Your instructions
Would you transcribe the whole listing exactly and drop its images?

Data below
::::

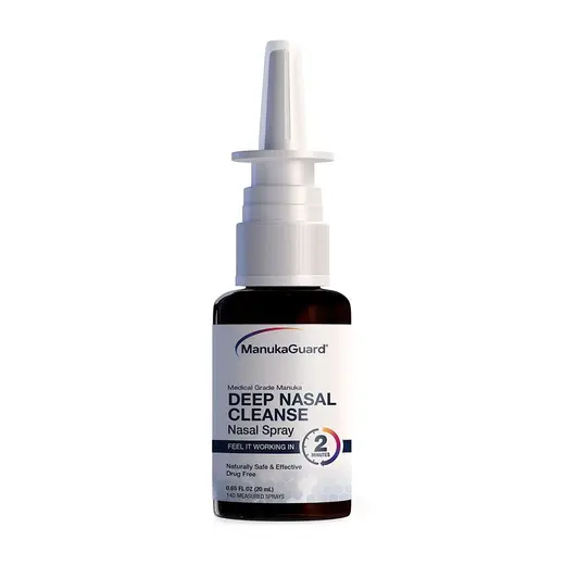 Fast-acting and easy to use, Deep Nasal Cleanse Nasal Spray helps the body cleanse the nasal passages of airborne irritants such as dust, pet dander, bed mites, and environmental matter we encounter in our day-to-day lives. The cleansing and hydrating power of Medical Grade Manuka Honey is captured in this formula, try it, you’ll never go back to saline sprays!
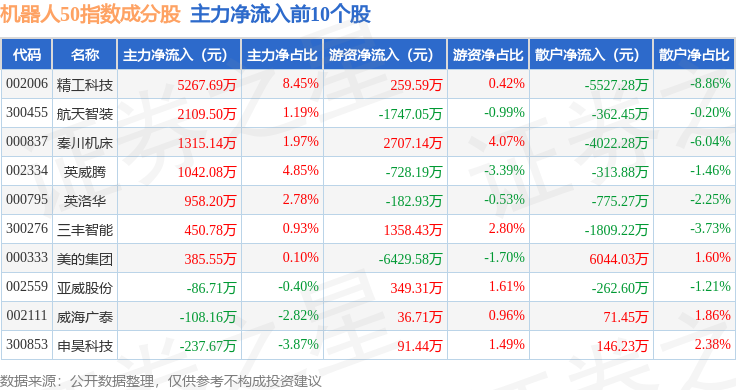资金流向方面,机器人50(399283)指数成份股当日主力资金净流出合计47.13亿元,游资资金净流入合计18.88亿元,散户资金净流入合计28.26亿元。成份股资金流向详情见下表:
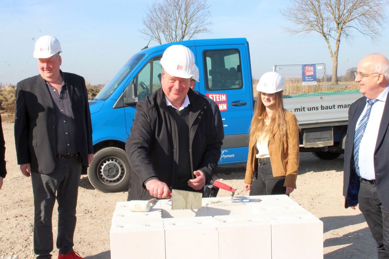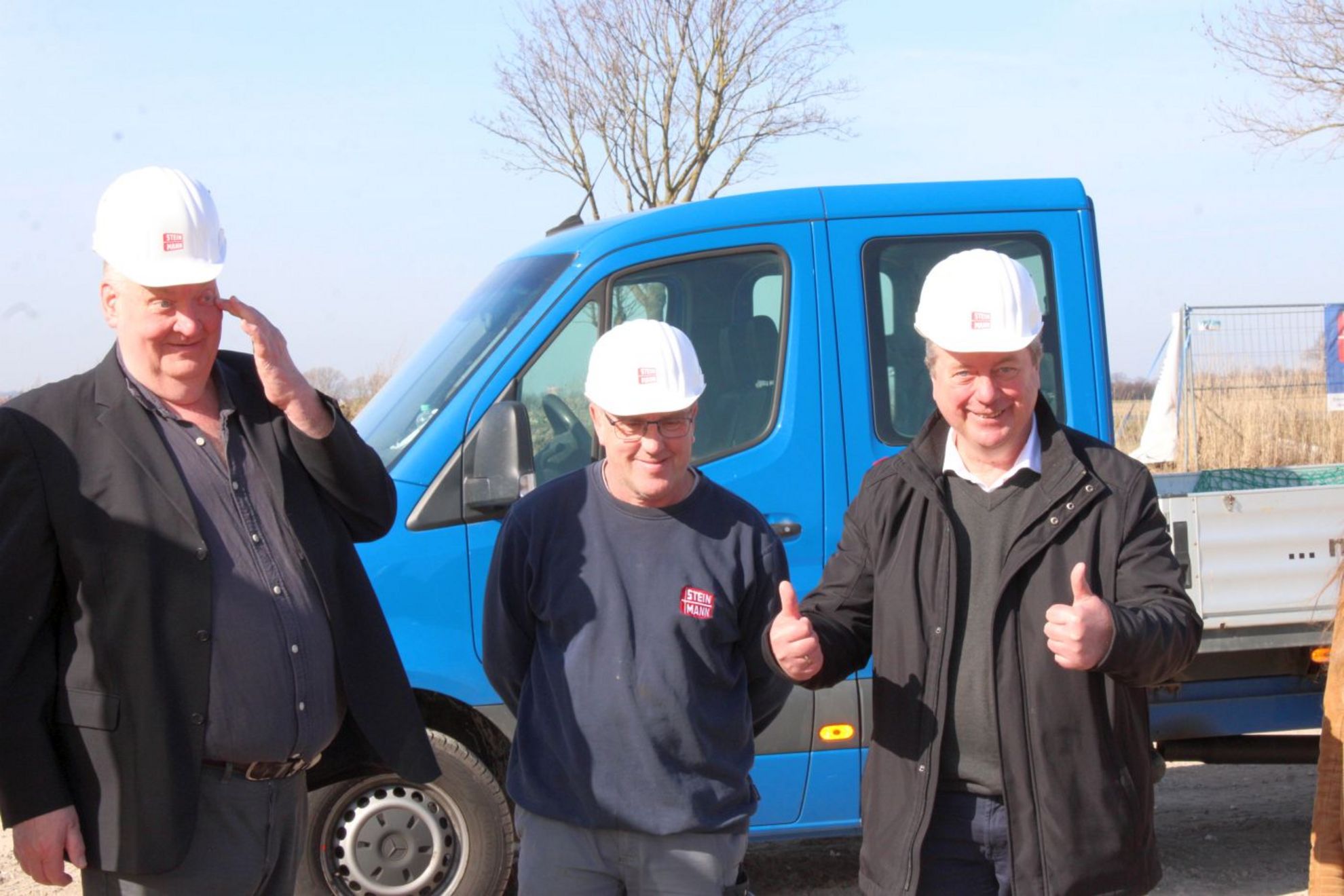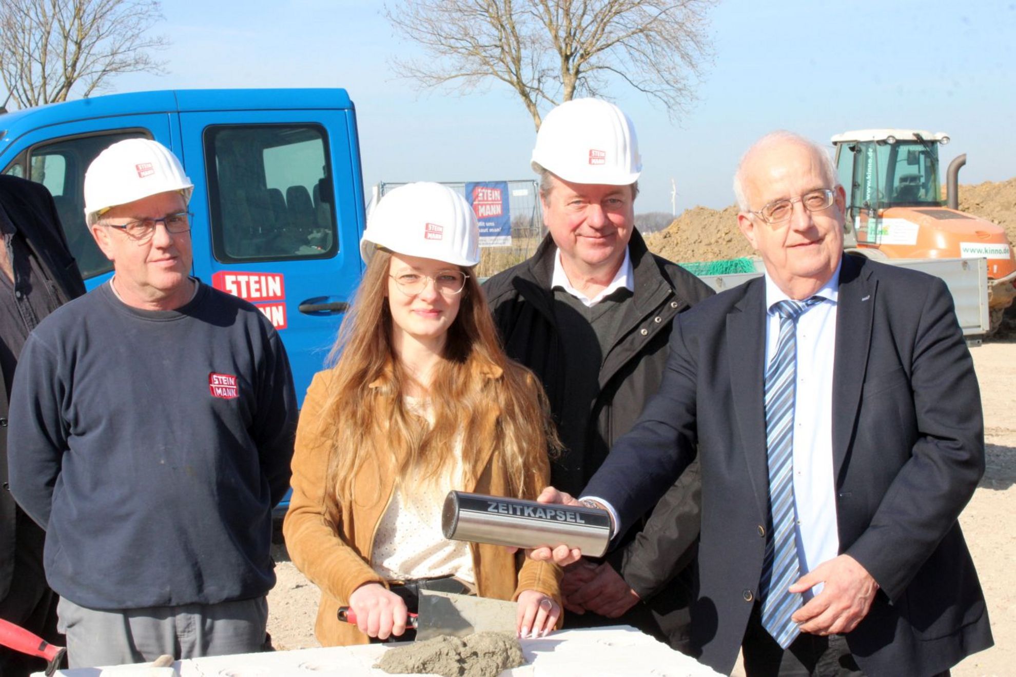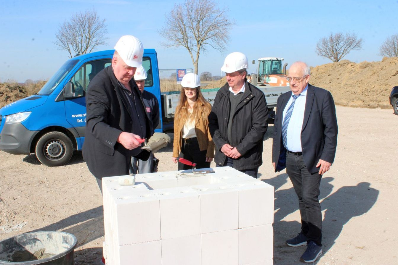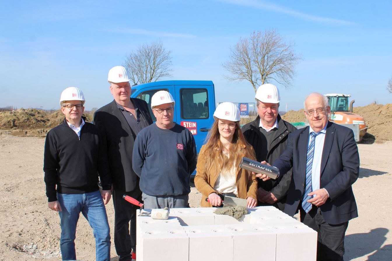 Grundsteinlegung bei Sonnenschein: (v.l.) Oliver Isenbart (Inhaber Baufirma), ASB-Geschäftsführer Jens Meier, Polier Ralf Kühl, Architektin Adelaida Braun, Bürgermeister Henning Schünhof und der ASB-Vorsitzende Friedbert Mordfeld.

::::

Answer space
 Fast-acting and easy to use, Deep Nasal Cleanse Nasal Spray helps the body cleanse the nasal passages of airborne irritants such as dust, pet dander, bed mites, and environmental matter we encounter in our day-to-day lives. The cleansing and hydrating power of Medical Grade Manuka Honey is captured in this formula, try it, you’ll never go back to saline sprays!
资金流向方面,机器人50(399283)指数成份股当日主力资金净流出合计47.13亿元,游资资金净流入合计18.88亿元,散户资金净流入合计28.26亿元。成份股资金流向详情见下表:
 Grundsteinlegung bei Sonnenschein: (v.l.) Oliver Isenbart (Inhaber Baufirma), ASB-Geschäftsführer Jens Meier, Polier Ralf Kühl, Architektin Adelaida Braun, Bürgermeister Henning Schünhof und der ASB-Vorsitzende Friedbert Mordfeld.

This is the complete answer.